---------- Material provided
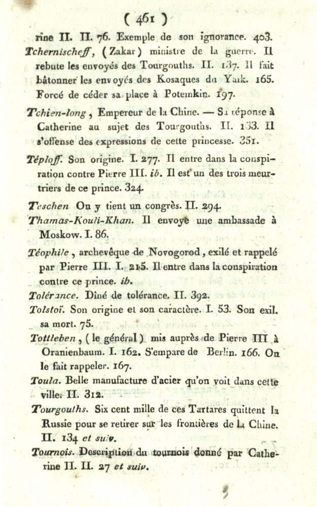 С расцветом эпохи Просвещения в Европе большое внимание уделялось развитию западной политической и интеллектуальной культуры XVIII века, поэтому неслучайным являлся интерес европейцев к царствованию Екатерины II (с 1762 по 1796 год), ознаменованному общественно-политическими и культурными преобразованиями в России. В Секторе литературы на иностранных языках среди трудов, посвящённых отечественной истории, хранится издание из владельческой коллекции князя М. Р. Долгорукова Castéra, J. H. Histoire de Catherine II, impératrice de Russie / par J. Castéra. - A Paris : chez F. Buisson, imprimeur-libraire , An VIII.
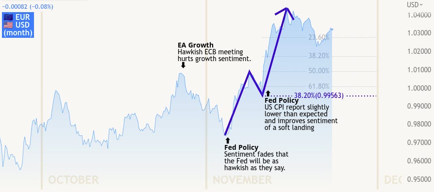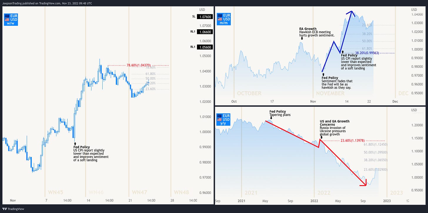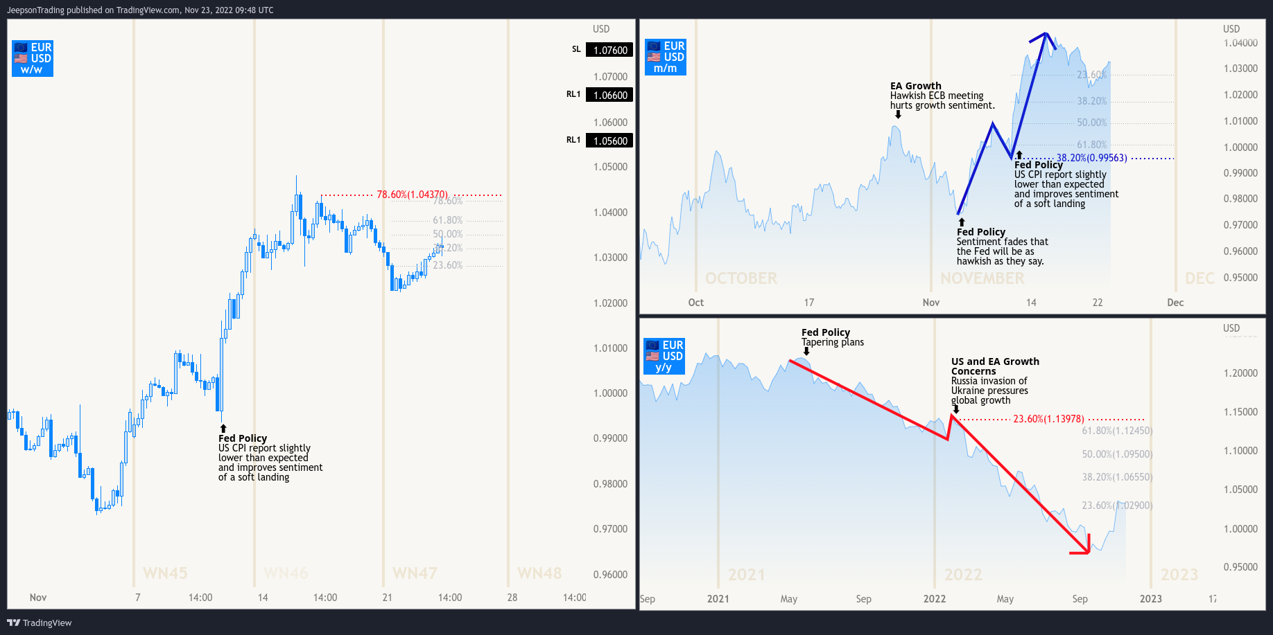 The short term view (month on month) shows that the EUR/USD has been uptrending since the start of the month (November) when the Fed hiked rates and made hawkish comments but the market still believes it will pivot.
--------------------
---------- Material provided
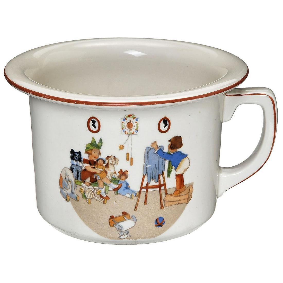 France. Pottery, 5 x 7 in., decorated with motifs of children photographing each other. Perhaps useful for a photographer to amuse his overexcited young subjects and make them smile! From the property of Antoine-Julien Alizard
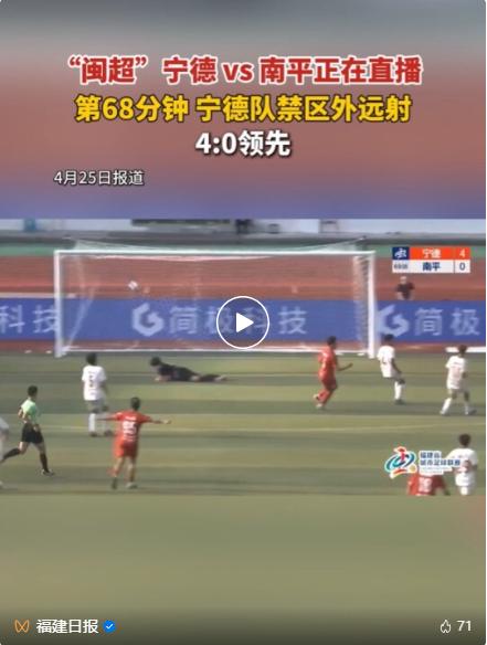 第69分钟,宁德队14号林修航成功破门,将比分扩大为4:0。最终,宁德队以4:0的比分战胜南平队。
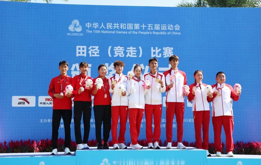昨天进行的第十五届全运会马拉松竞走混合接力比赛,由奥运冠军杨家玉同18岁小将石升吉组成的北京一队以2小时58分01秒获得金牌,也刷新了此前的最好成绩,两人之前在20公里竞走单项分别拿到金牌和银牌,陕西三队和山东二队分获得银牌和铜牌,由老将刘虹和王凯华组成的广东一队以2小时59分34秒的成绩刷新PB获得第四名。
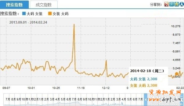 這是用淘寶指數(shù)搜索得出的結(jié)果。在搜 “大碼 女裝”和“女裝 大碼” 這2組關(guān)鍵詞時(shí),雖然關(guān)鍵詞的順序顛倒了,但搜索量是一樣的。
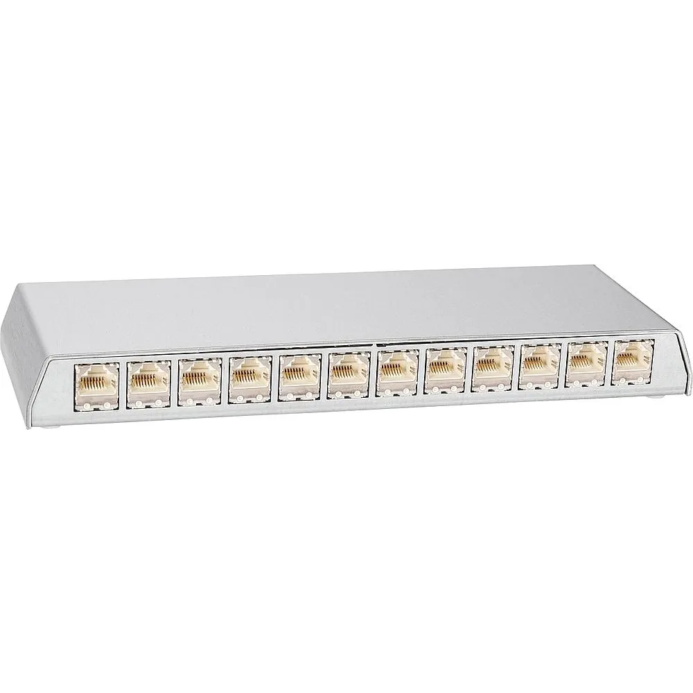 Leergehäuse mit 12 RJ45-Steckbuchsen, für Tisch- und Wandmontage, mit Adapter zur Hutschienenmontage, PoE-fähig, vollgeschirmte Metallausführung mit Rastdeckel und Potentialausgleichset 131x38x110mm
--------------------
---------- Material provided
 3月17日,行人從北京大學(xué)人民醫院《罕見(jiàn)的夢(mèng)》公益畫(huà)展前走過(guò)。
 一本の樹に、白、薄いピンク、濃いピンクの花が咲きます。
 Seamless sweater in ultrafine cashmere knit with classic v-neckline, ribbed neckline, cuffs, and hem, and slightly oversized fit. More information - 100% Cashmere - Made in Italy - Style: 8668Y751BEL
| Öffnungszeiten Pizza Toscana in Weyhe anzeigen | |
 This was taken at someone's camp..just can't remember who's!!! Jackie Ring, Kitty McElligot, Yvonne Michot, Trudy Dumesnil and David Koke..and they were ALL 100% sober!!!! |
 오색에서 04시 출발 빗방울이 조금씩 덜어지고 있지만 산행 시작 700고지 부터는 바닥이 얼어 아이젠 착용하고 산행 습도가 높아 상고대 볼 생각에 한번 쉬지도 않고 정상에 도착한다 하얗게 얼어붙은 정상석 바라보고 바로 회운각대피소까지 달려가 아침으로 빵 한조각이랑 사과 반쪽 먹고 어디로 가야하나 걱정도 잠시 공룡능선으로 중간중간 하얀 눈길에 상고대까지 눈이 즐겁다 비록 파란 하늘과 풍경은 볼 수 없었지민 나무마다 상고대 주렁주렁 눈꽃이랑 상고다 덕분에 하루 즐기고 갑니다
--------------------
Please repeat the lines of the material above exactly, starting with the line that contains "第69分钟,宁德队14号林修" and ending with the line that contains "Leergehäuse mit 12". Leave the pictures out.

Reply to the exercise
 第69分钟,宁德队14号林修航成功破门,将比分扩大为4:0。最终,宁德队以4:0的比分战胜南平队。
昨天进行的第十五届全运会马拉松竞走混合接力比赛,由奥运冠军杨家玉同18岁小将石升吉组成的北京一队以2小时58分01秒获得金牌,也刷新了此前的最好成绩,两人之前在20公里竞走单项分别拿到金牌和银牌,陕西三队和山东二队分获得银牌和铜牌,由老将刘虹和王凯华组成的广东一队以2小时59分34秒的成绩刷新PB获得第四名。
 這是用淘寶指數(shù)搜索得出的結(jié)果。在搜 “大碼 女裝”和“女裝 大碼” 這2組關(guān)鍵詞時(shí),雖然關(guān)鍵詞的順序顛倒了,但搜索量是一樣的。
 Leergehäuse mit 12 RJ45-Steckbuchsen, für Tisch- und Wandmontage, mit Adapter zur Hutschienenmontage, PoE-fähig, vollgeschirmte Metallausführung mit Rastdeckel und Potentialausgleichset 131x38x110mm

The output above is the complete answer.